Personal information
- Born: May 19, 1949 (age 77) Drew, Mississippi, U.S.
- Listed height: 6 ft 3 in (1.91 m)
- Listed weight: 212 lb (96 kg)

Career information
- High school: Drew
- College: Ole Miss (1968–1970)
- NFL draft: 1971 (1st round, 2nd overall pick)

Career history
- New Orleans Saints (1971–1982); Houston Oilers (1982–1983); Minnesota Vikings (1983–1984);

Awards and highlights
- UPI NFC Player of the Year (1978); Sporting News NFC Player of the Year (1978); 2× Pro Bowl (1978, 1979); New Orleans Saints Ring of Honor; New Orleans Saints Hall of Fame; NFLPA Alan Page Community Award (1978); Jack Horrigan Award (1983); SEC Player of the Year (1969); Walter Camp Memorial Trophy (1969); First-team All-American (1969); 2× First-team All-SEC (1969, 1970); SEC All-Time Team (1982); SEC Football Legends; Ole Miss Team of the Century; Ole Miss Rebels No. 18 retired; Gator Bowl Hall of Fame (1989); Sugar Bowl Hall of Fame (2017); Reds Bagnell Award (2011); Walter Camp Distinguished American Award (2018);

Career NFL statistics
- Passing attempts: 3,642
- Passing completions: 2,011
- Completion percentage: 55.2%
- TD–INT: 125–173
- Passing yards: 23,911
- Passer rating: 67.1
- Rushing yards: 2,197
- Rushing touchdowns: 18
- Stats at Pro Football Reference
- College Football Hall of Fame

= Archie Manning =

American football player (born 1949)

Elisha Archibald Manning III (born May 19, 1949) is an American former professional football quarterback who played in the National Football League (NFL) for 14 seasons, primarily with the New Orleans Saints. The patriarch of the Manning football dynasty, he is the father of quarterbacks Peyton and Eli Manning.

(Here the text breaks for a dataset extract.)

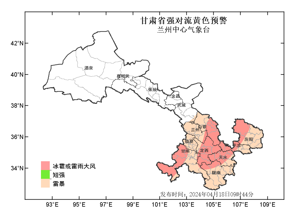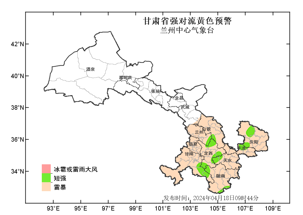 中國(guó)甘肅網(wǎng)4月18日訊(西北角·中國(guó)甘肅網(wǎng)記者 沈文剛)4月18日9時(shí)44分,蘭州中心氣象臺(tái)發(fā)布強(qiáng)對(duì)流黃色預(yù)警:預(yù)計(jì)今天白天到夜間,武威以東大部分地方有雷暴;其中,白銀、定西、甘南、天水等市州部分地方及蘭州、隴南、平?jīng)?、慶陽(yáng)等市局部地方有雷雨大風(fēng)或冰雹;甘南、隴南、定西、天水、白銀、蘭州、平?jīng)?、慶陽(yáng)等州市局部地方有短時(shí)強(qiáng)降水,最大小時(shí)雨強(qiáng)為20-30毫米。

Manning played college football for the Ole Miss Rebels, winning SEC Player of the Year and the Walter Camp Memorial Trophy in 1969. He was selected second overall in the 1971 NFL draft by the Saints, where he spent his first 12 seasons and received two Pro Bowl selections. During his final two seasons, he was a member of the Houston Oilers and the Minnesota Vikings. He was inducted to the College Football Hall of Fame in 1989. Manning was also an inaugural inductee of the New Orleans Saints Hall of Fame in 1988 and the New Orleans Saints Ring of Honor in 2013.

==Early life==
Born in Drew, Mississippi, Manning is the son of Jane Elizabeth (née Nelson) and Elisha Archibald Manning Jr. He grew up heavily involved in football, basketball, baseball, and track. His father, known as "Buddy", was interested in Archie's sports activities, but the nature of his job left him little if any time for attending games. Instead, Archie III drew his inspiration from a local high school sports star, James Hobson. His mother was "a ubiquitous presence at all of his games, no matter what the sport or level." Manning attended Drew High School. Manning was selected in the Major League Baseball draft four times, first in 1967 by the Braves, twice by the White Sox, and finally by the Royals in 1971.

In the summer of 1969, his father Buddy Manning, facing financial struggles and having suffered a stroke, died by suicide. Archie, who was home from college for summer vacation, was the first to discover Buddy's body. In the biopic-documentary The Book of Manning, Manning said that he considered dropping out and getting a job to support his mother and sister, but his mother persuaded him to return to college and not put his rising football career to waste.

==College career==
Manning attended the University of Mississippi in Oxford and was the starting quarterback at Ole Miss for three years under legendary head coach Johnny Vaught. In one of the first national prime time broadcasts of a college football game (on ABC, October 4, 1969), Manning threw for 436 yards and three touchdowns, also rushing for 104 yards, in a 33–32 loss to Alabama. His performance set Southeastern Conference (SEC) records for passing yards, completions and total offense, with the total offense record standing for 43 years before being broken by Johnny Manziel in 2012.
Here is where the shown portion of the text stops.